Efficient Online Learning for Cognitive Radar-Cellular Coexistence via Contextual Thompson Sampling
This addresses spectrum efficiency for radar-cellular coexistence, but it is incremental as it builds on existing contextual bandit methods.
The paper tackles the problem of adaptive radar transmissions for spectrum sharing with a non-cooperative cellular network by applying a linear Contextual Bandit framework with Thompson Sampling, resulting in faster convergence to minimize interference and maximize utilization compared to other algorithms, with competitive performance against a Deep Q-Network.
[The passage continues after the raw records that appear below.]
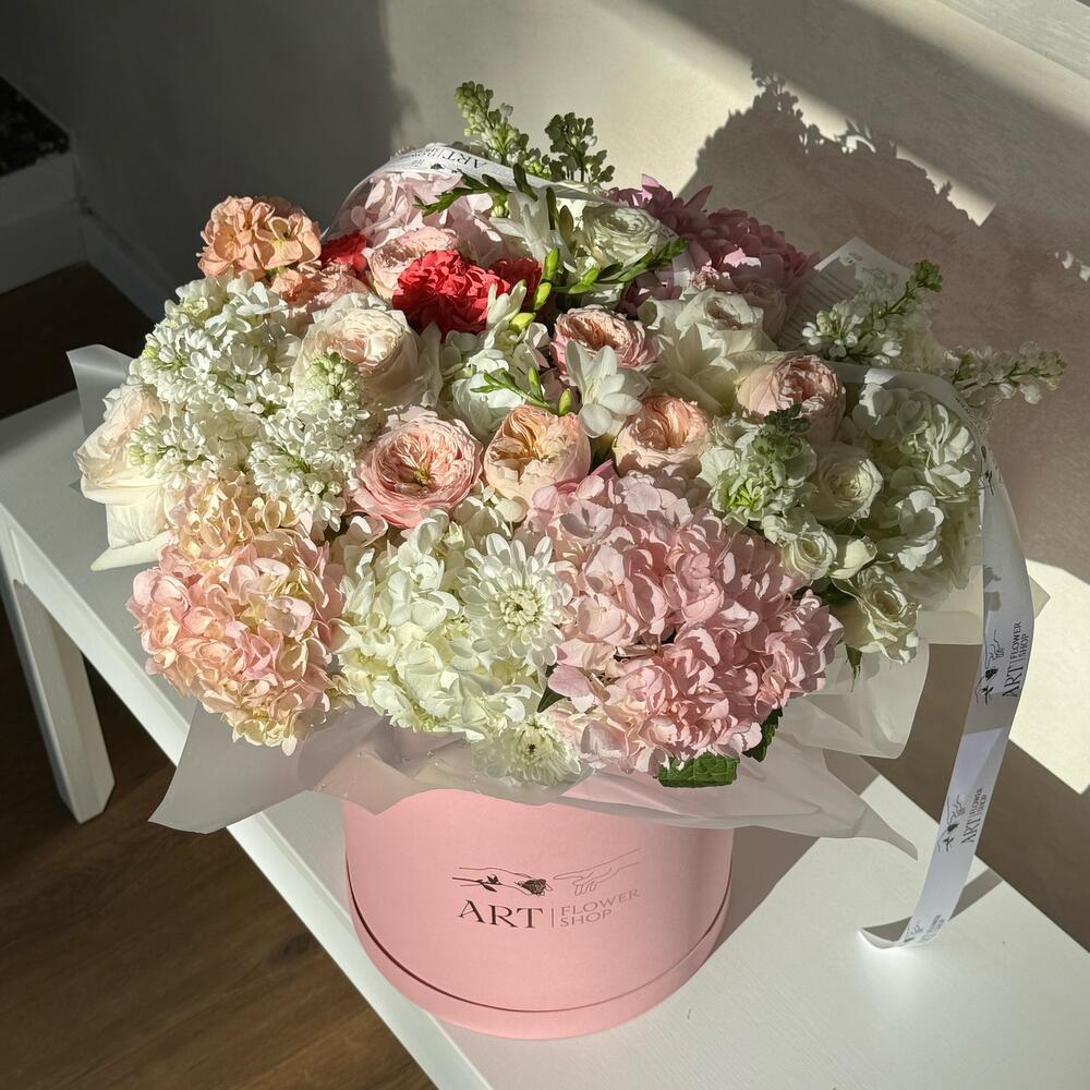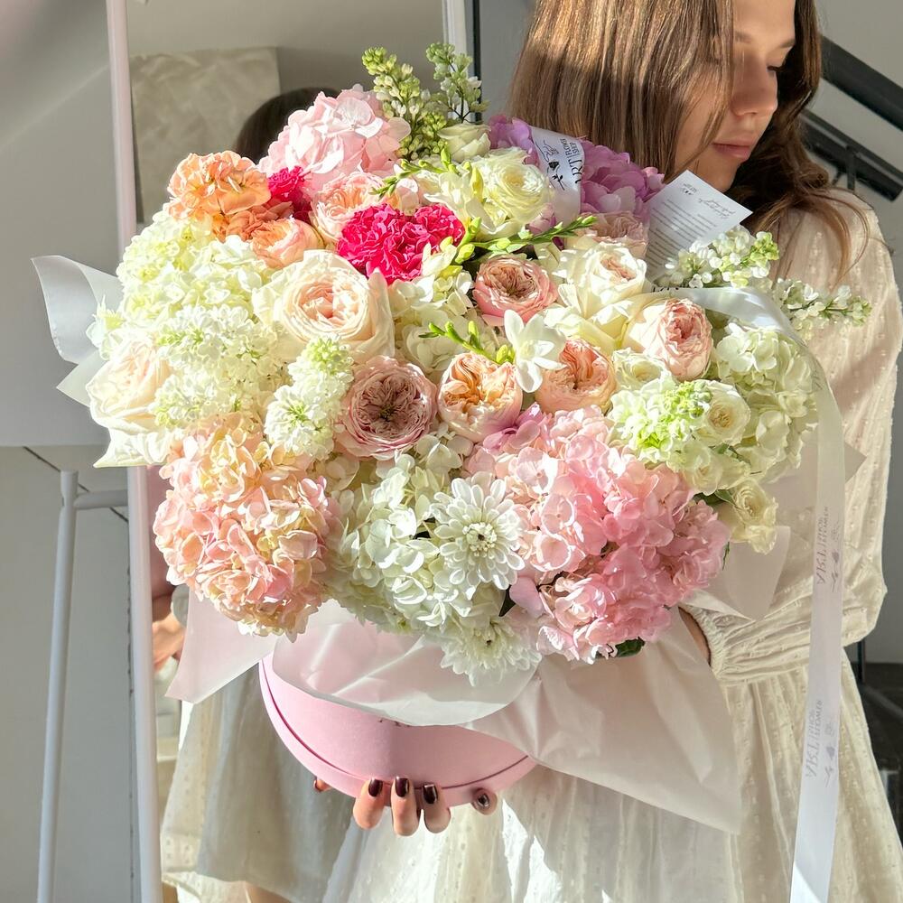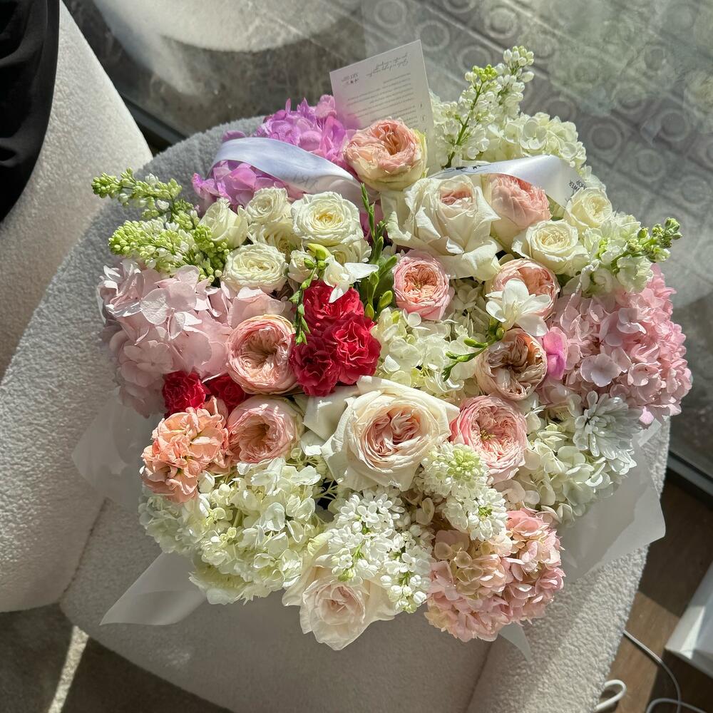Spray rose - 5 ud. Box - 1 ud. hortensia - 7 ud. fresia - 3 ud. garden rose - 10 ud. rosa o’hara - 4 ud. jeringa - 3 ud. martiola - 2 ud.
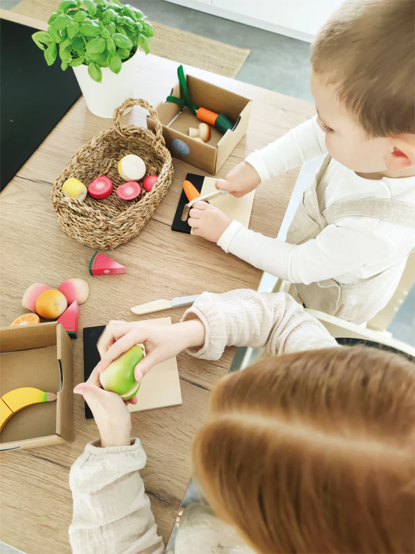 Description Ce set de fruits à découper en bois robuste permet de jouer dans la cuisine des enfants de manière particulièrement réaliste. Le set de fruits est composé de fruits que les enfants connaissent dans leur vie quotidienne. Comprend une planche à découper et un couteau en bois ainsi qu’un emballage réutilisable qui peut servir […]
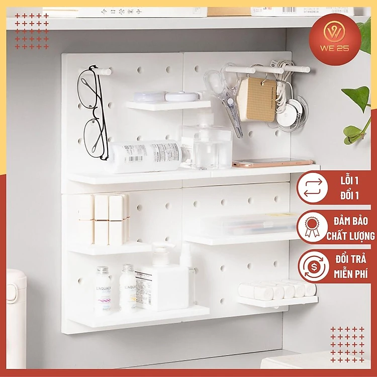 Bảng kệ đa năng Pegboard dán treo tường bằng nhựa đục lỗ dán treo dụng cụ và trang trí gọn gàng
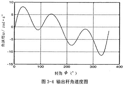 首先由圖3-2可以看到,若機(jī)構(gòu)結(jié)構(gòu)參數(shù)設(shè)計(jì)恰當(dāng),并且調(diào)整中間滑塊3偏移到合適的位置時(shí),可在一定范圍內(nèi),產(chǎn)生一個(gè)反向的速度波適度抵消原速度波動(dòng)。再由圖3-3可知,在未加入第二自由度時(shí),加速度變化值不大,說明阻力矩和電機(jī)主動(dòng)力矩不會(huì)受到大的影響,不致導(dǎo)致原機(jī)械系統(tǒng)的各項(xiàng)參數(shù)發(fā)生大的變化。
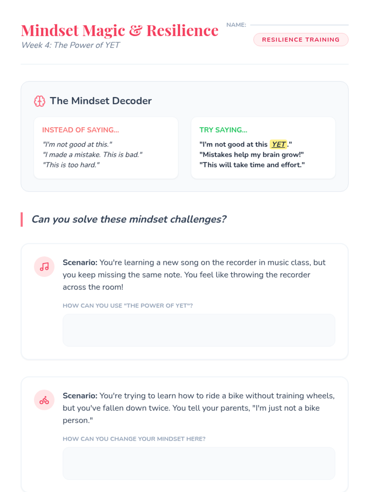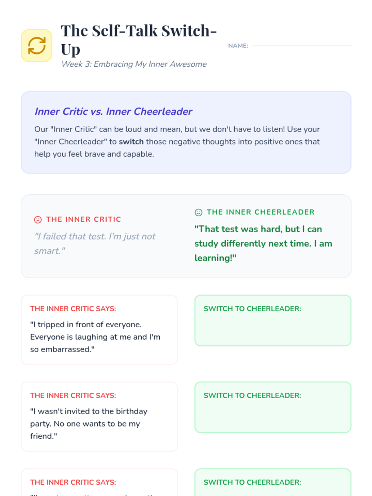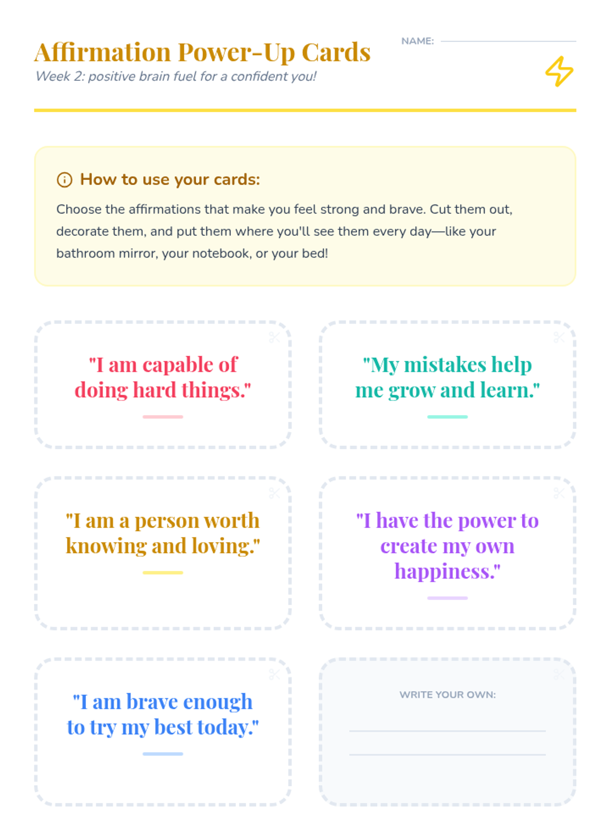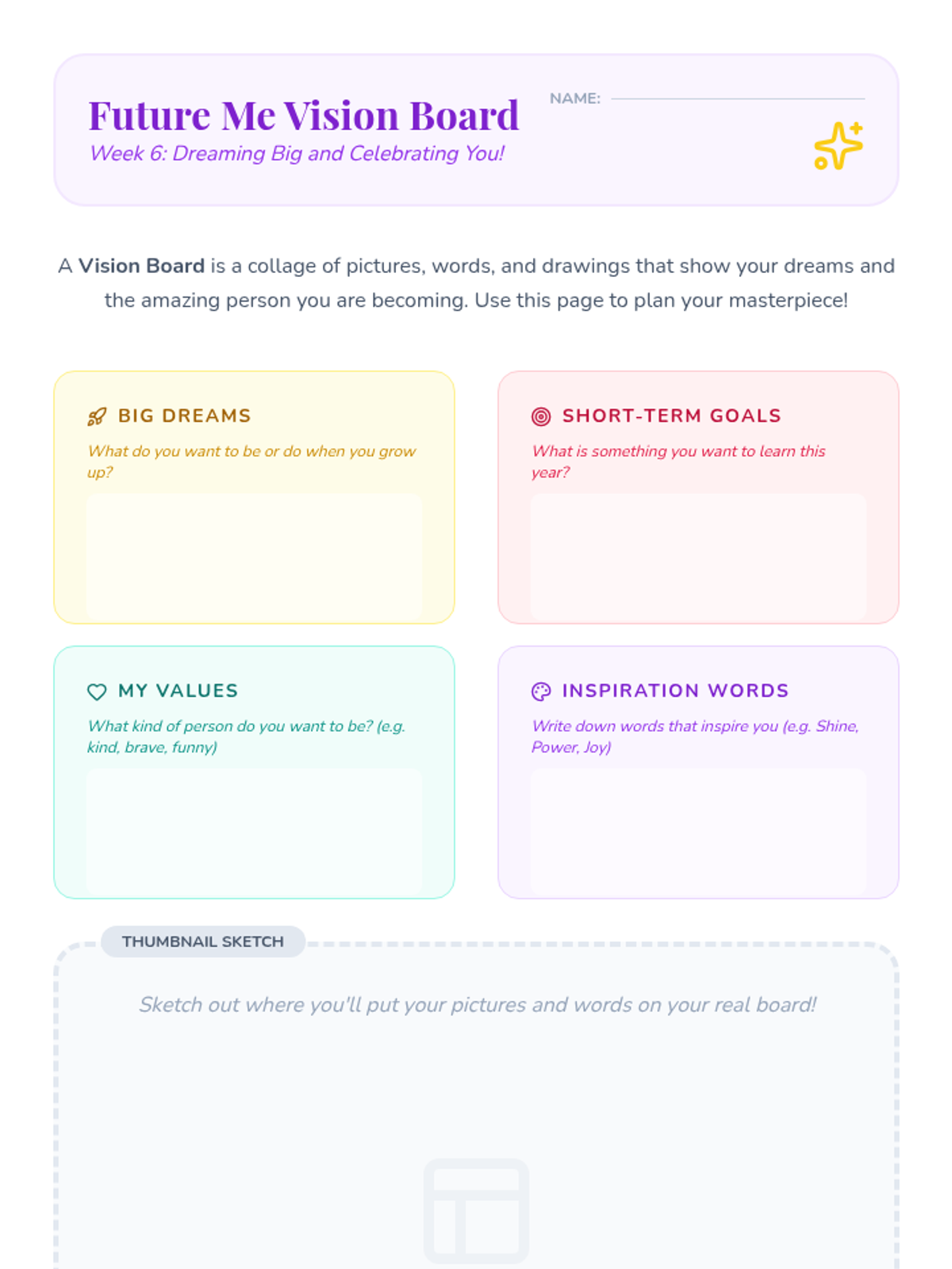 A 6-week empowerment program for 4th-grade girls designed to build self-esteem, identify personal strengths, and develop resilience through creative activities and group discussion.

This paper describes a sequential, or online, learning scheme for adaptive radar transmissions that facilitate spectrum sharing with a non-cooperative cellular network. First, the interference channel between the radar and a spatially distant cellular network is modeled. Then, a linear Contextual Bandit (CB) learning framework is applied to drive the radar's behavior. The fundamental trade-off between exploration and exploitation is balanced by a proposed Thompson Sampling (TS) algorithm, a pseudo-Bayesian approach which selects waveform parameters based on the posterior probability that a specific waveform is optimal, given discounted channel information as context. It is shown that the contextual TS approach converges more rapidly to behavior that minimizes mutual interference and maximizes spectrum utilization than comparable contextual bandit algorithms. Additionally, we show that the TS learning scheme results in a favorable SINR distribution compared to other online learning algorithms. Finally, the proposed TS algorithm is compared to a deep reinforcement learning model. We show that the TS algorithm maintains competitive performance with a more complex Deep Q-Network (DQN).